Aim of the exercise: Return exactly the span of lines in the following data that opens with the line containing "30cmLargura: 15cmAltura: 1,6cm" and closes with the line containing "Se você usar". Include nothing else.

Supplied material:
►
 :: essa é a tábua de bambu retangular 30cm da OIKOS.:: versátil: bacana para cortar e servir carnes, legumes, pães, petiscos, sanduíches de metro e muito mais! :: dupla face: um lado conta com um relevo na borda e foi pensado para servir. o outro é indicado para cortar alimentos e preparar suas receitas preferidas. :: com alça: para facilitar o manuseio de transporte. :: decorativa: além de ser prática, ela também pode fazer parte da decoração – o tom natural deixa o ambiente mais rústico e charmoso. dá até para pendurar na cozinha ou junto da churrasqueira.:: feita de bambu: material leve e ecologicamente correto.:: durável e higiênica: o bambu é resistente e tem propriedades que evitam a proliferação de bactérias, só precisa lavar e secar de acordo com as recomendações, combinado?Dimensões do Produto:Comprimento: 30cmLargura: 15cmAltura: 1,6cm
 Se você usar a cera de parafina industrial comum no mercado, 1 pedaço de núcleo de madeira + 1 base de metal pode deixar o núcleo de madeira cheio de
◄
►
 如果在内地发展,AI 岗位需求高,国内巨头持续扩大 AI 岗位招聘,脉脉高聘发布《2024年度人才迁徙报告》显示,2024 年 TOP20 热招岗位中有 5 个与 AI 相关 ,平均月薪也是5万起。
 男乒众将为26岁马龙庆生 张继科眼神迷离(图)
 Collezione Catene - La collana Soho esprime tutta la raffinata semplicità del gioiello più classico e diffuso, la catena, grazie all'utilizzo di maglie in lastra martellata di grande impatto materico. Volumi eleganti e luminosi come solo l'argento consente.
◄
Problem solution:
 :: essa é a tábua de bambu retangular 30cm da OIKOS.:: versátil: bacana para cortar e servir carnes, legumes, pães, petiscos, sanduíches de metro e muito mais! :: dupla face: um lado conta com um relevo na borda e foi pensado para servir. o outro é indicado para cortar alimentos e preparar suas receitas preferidas. :: com alça: para facilitar o manuseio de transporte. :: decorativa: além de ser prática, ela também pode fazer parte da decoração – o tom natural deixa o ambiente mais rústico e charmoso. dá até para pendurar na cozinha ou junto da churrasqueira.:: feita de bambu: material leve e ecologicamente correto.:: durável e higiênica: o bambu é resistente e tem propriedades que evitam a proliferação de bactérias, só precisa lavar e secar de acordo com as recomendações, combinado?Dimensões do Produto:Comprimento: 30cmLargura: 15cmAltura: 1,6cm
 Se você usar a cera de parafina industrial comum no mercado, 1 pedaço de núcleo de madeira + 1 base de metal pode deixar o núcleo de madeira cheio de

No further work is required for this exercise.